Não se pense que javé se lançou à obra da Criação com os próprios braços. Deitado eternamente em berço esplêndido incumbiu serafins e querubins de executarem o projeto América Latina. Animados, os anjos puseram mãos à obra, convencidos de que da prancheta do Grande Arquiteto resultaria o melhor.
Lá pelas tantas os serafins estranharam pequenos erros de cálculo. Ora, não fora tudo previsto pela Infinita Sabedoria? Perante desajustes evidentes, alguns anjos relaxaram no trabalho: aos olhos dos arcanjos, pareceu boicote ao projeto.
Bom patrão, Javé dispôs-se a dialogar com os relapsos:
- Por que têm faltado ao trabalho?
- Porque o projeto não é justo respondeu o líder dos serafins.
- Como não é justo? Espantou-se o Sumamente Justo.
- Veja Senhor – argumentou o anjo, o México é proporcional à Argentina: a Nicarágua à Bolívia: o Panamá ao Uruguai. Mas há um país demasiado grande na América do Sul. Por que não dividi-lo em cinco ou seis, e evitar no futuro queixas de que o Senhor privilegiou o Brasil?
Irritado por duvidarem de sua imparcialidade, Javé reagiu:
- Sei muito bem o que faço. E ordenou: Prossigam a obra.
Dias depois, Javé viu a sua Infinita Paciência abalada pela notícia de que os querubins, mais politizados, organizados no sindicato angélico, haviam entrado em greve. Sem temer afrontas, compareceu à assembléia da categoria:
- Por todos os santos, qual é a reclamação agora?
- Os serafins têm razão, Senhor – explicou o líder. – O projeto é realmente injusto. Não podemos prossegui-lo.
- Ora, o que há de errado em criar países com dimensões distintas? Retrucou Javé. – A um continente quadriculado, prefiro a diversidade, como fiz com as espécies de vida.
- Não se trata de proporcionalidade territorial – disse o anjo. – Preocupam-nos os fenômenos naturais destinados a cada país. – Veja Senhor: há desertos no Chile, no Peru e no México; no Brasil, nenhum. Vulcões na Nicarágua e furacões em Cuba: no Brasil, nenhum. Terremotos no Peru, na Guatemala, na Nicarágua, em El Salvador e no México; no Brasil, nenhum. Neve e geleiras em toda a região andina; no Brasil, apenas um neviscar, três noites por ano em São Joaquim (SC), para atrair turistas.
Outro completou:
- Nós da direção sindical, desconfiamos que, após o fracasso do Èden, o Senhor nutre a intenção de reeditar o Paraíso no Brasil.
- Valha-me Deus! - Exclamou Javé. - Expliquem melhor.
- O Èden não faliu por causa de uma maldita árvore? Entre os países, o Brasil é dos raros com nome de vegetal. Dadas as suas dimensões continentais, a ausência de qualquer catástrofe natural e os imensos recursos a ele reservados, concluímos que o Senhor pretende reinaugurar ali o Paraíso, não é verdade? Ou como explicar o projeto de conferir ao Brasil um excelente clima tropical; a maior bacia hidrográfica do mundo; oito mil quilômetros de costa; uma floresta que absorverá boa parte do dióxido de carbono da atmosfera; mais de 600 milhões de hectares cultiváveis e potencial para três safras por ano?

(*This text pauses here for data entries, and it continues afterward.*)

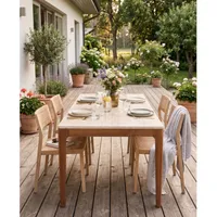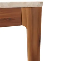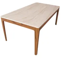 Stiilne söögilaud, mis sobib nii sise- kui ka välistingimustesse. Laud on valmistatud FSC 100% sertifikaadiga akaatsiapuidust, mis on vastupidav ja tugev puiduliik ning paistab silma kauni ja elava puidusüüga. FSC-sertifikaat kinnitab, et puit pärineb vastutustundlikult majandatud metsadest. Lauaplaat on valmistatud betoonist ning viimistletud travertiini välimusega pinnaga, mis annab lauale elegantse looduskivi ilme. Maksimaalne kandevõime kuni 40 kg.
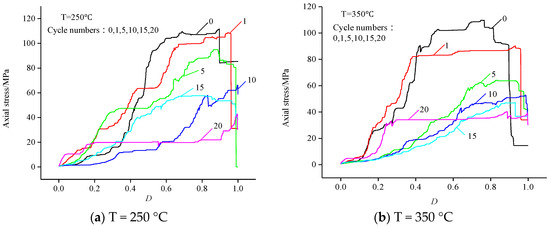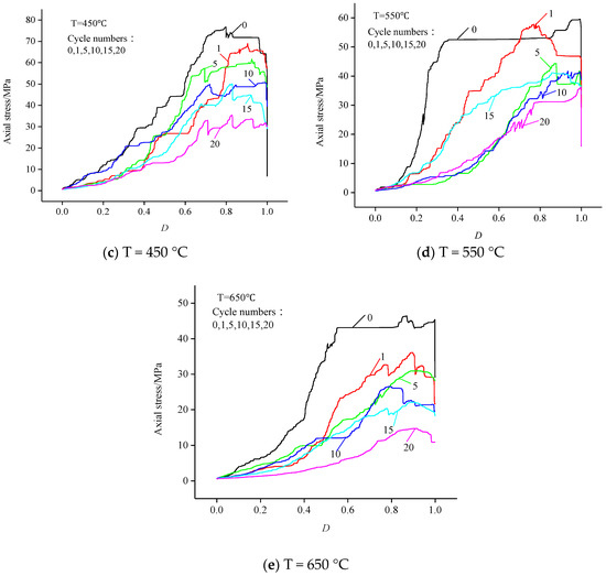 Mechanical damage curves of rock samples at different temperatures are drawn based on AE experimental data, as shown in Figure 8, which shows that in the initial compaction stage, the primary pores and fractures in granite are compacted, and the damage variable is almost 0. Then, the damage variable increases slightly, and the deformation damage in this stage is mainly caused by elastic deformation of rock sample mineral particles. The mechanical damage of rock samples in these two stages is less affected by temperature and water-cooling times N. The rock is in the stage of unstable fracture when the stress reaches about 60% of the ultimate strength. The damage variable increases rapidly because of friction, dislocation occurs between granite particles, and new cracks occur. Therefore, 0.6σb can be used as the threshold stress value of granite damage [40]. When the ultimate strength is exceeded, the damage value gradually approaches 1 and the rock sample tends to be damaged. At the same time, it can be seen from Figure 8 that under the same temperature and stress, the mechanical damage becomes greater with the increase of the number N of high temperature and water cooling, indicating that high temperature and water cooling have caused thermal damage to the rock sample.
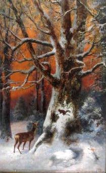 Englischer Künstler (19. Jh.): Ein Hirsch in einem verschneiten Wald mit einem Eichhörnchen. Öl auf Mahagoniplatte. 42 x 28 cm. Signiert Monogramm. AB. Mit dem neueren Goldrahmen. Auf der Rückseite mehrere Etikketten aus frührere Auktionen.

Javé cofiou a longa barba e admitiu:
- Sim, confesso, tive a intenção de abençoar o Brasil de modo especial. Mas sei, por minha onisciência, que lá, por muitos anos, não será o Paraíso. Esperem só pra ver que tipo de políticos aquela gente haverá de eleger. O estrago, ao menos nos primeiros séculos após a chegada de Cabral, será muito grande: haverá miséria, desigualdade, discriminação, corrupção e violência. Crianças abandonadas andarão ameaçadoras pelas ruas e agricultores ficarão à beira de rodovias à espera de um pedaço de terra. Como não perco a esperança, pode ser que, um dia, os eleitores descubram que, ao votarem a favor da justiça social, o Brasil estará muito perto se vir a ser um Paraíso.